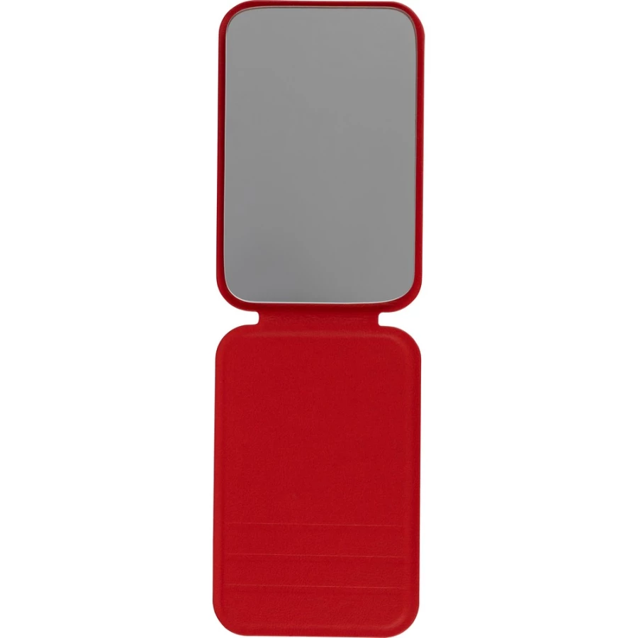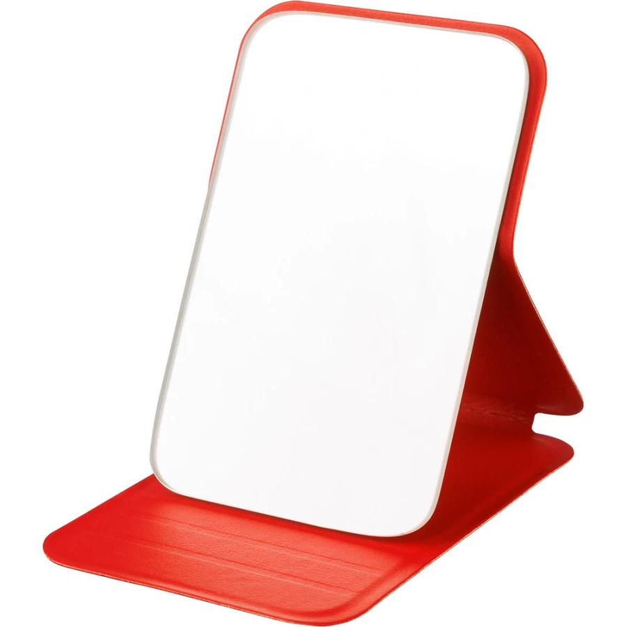 Rechteckiger Spiegel, Recycling-Symbol auf dem Produkt, verpackt in einer Papiertüte, Produkt aus Glas mit Gehäuse aus recyceltem PU
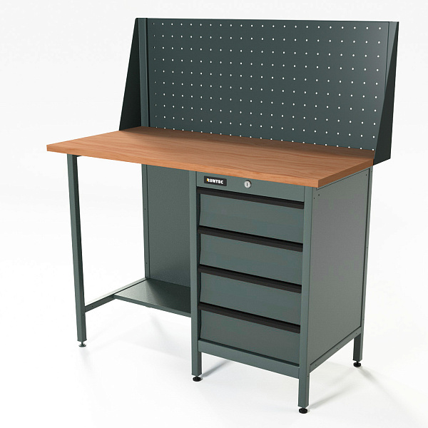 Верстак серии Standart, 1200 мм, фанера, тумба с 4-мя ящиками, экран 500, серый RAL 7016
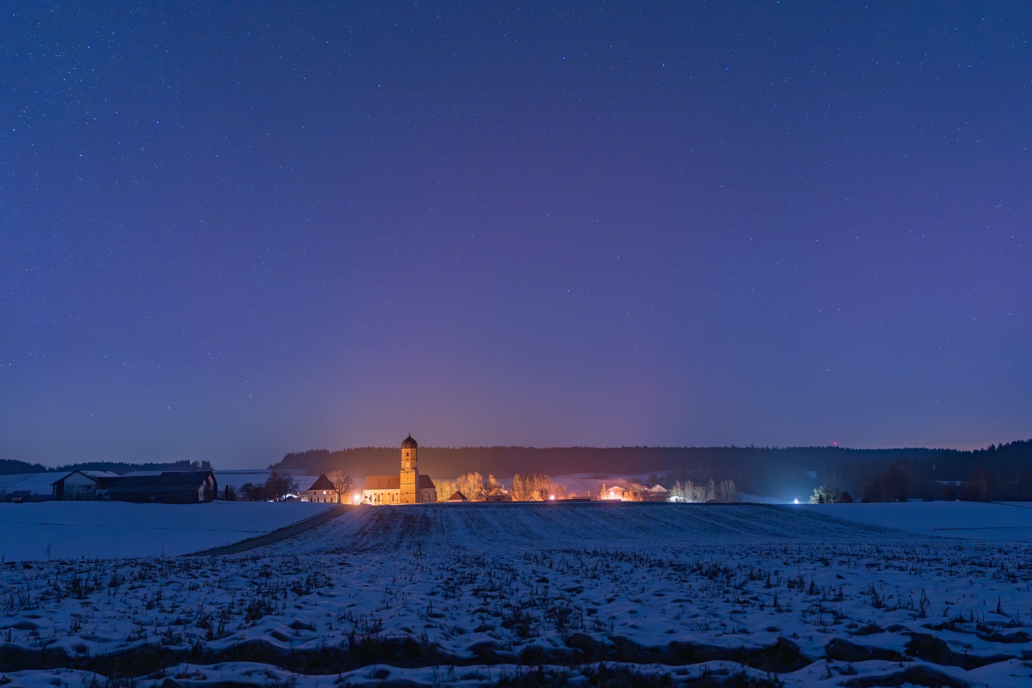 Kirche bei Nacht in Martinskirchen, Rottal-Inn, Niederbayern
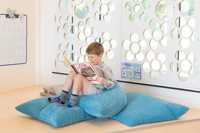 Het leeskwartier is bij ons meer dan zomaar stil lezen. Het is een doordacht en begeleid moment, afgestemd op de noden van de kinderen en opgebouwd rond drie pijlers.
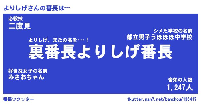 | 意味不明あだ名 | 『ペロリンよりしげ』『永久保存よりしげ』 |
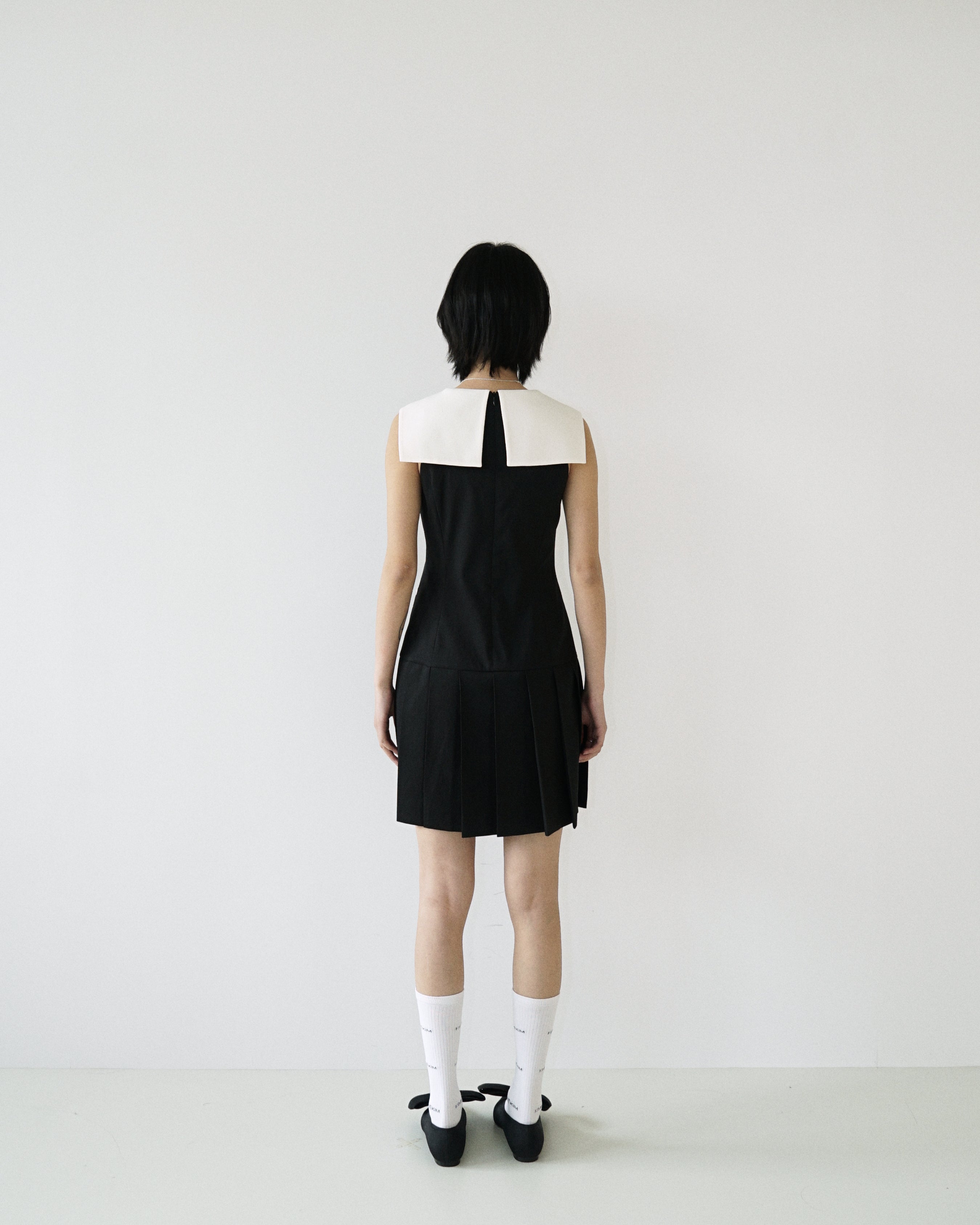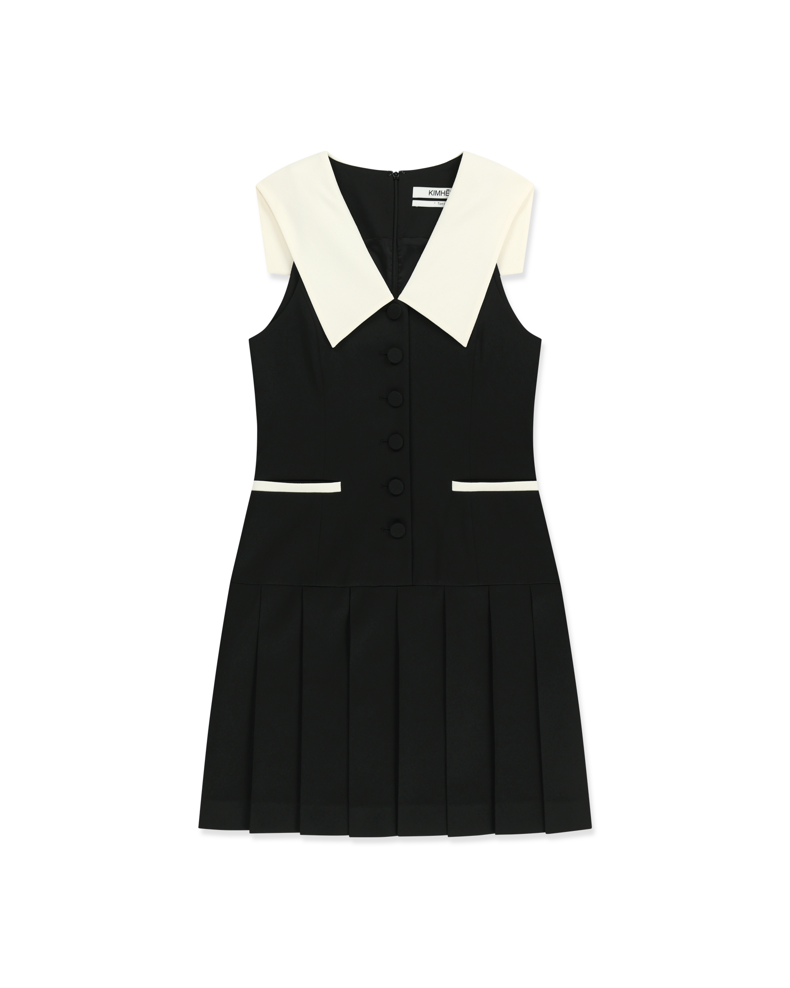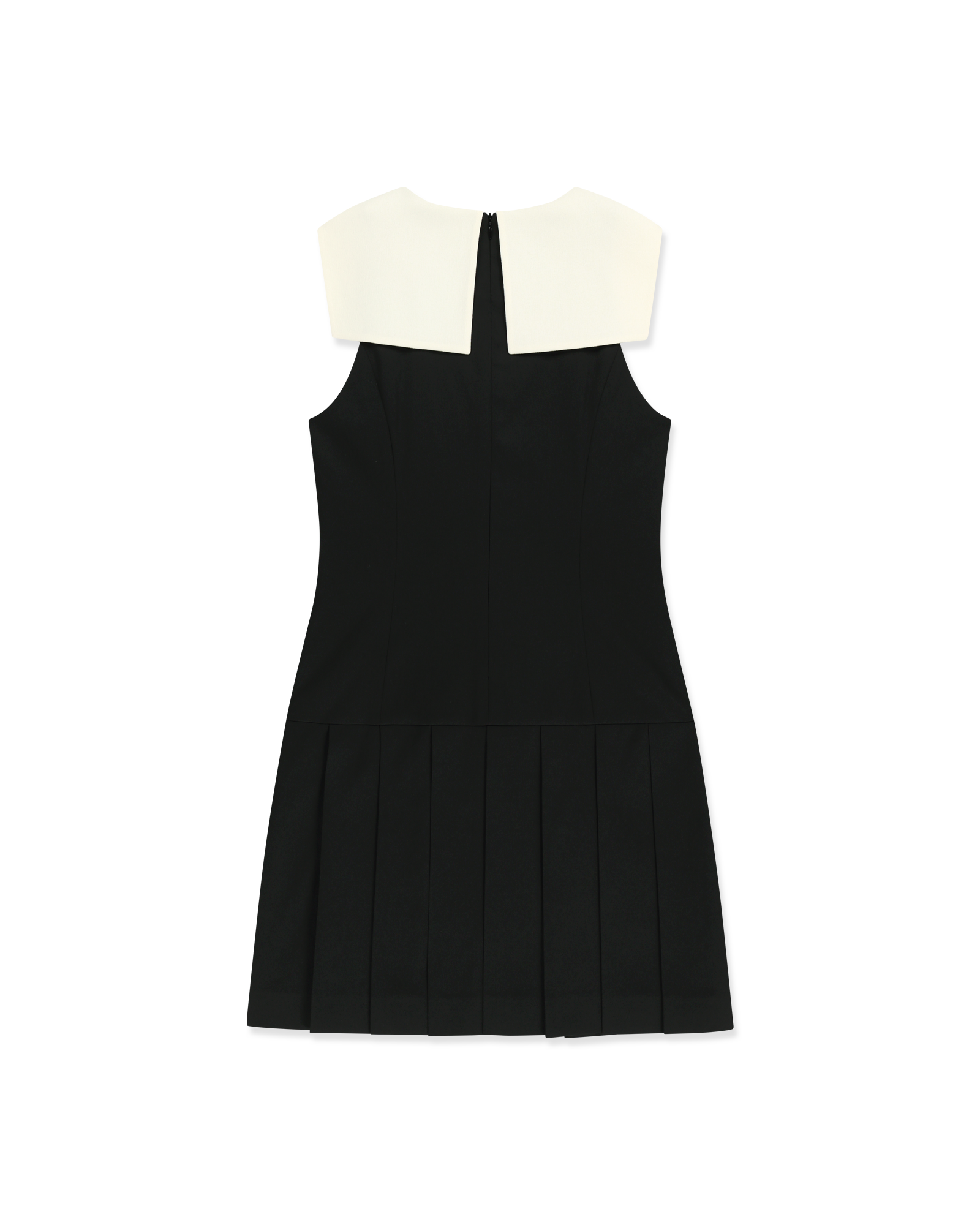 Malevich Sailor Collar Pleated Sleeveless Dress (Black/Ivory)

# # # # # # #

What is needed: Give back exactly the lines running from the one that contains "意味不明あだ名 | 『ペロリンよりしげ』『永久保存よりしげ』 |" to the end of the records, including both of those lines and excluding every picture.

Completed exercise:
 | 意味不明あだ名 | 『ペロリンよりしげ』『永久保存よりしげ』 |
 Malevich Sailor Collar Pleated Sleeveless Dress (Black/Ivory)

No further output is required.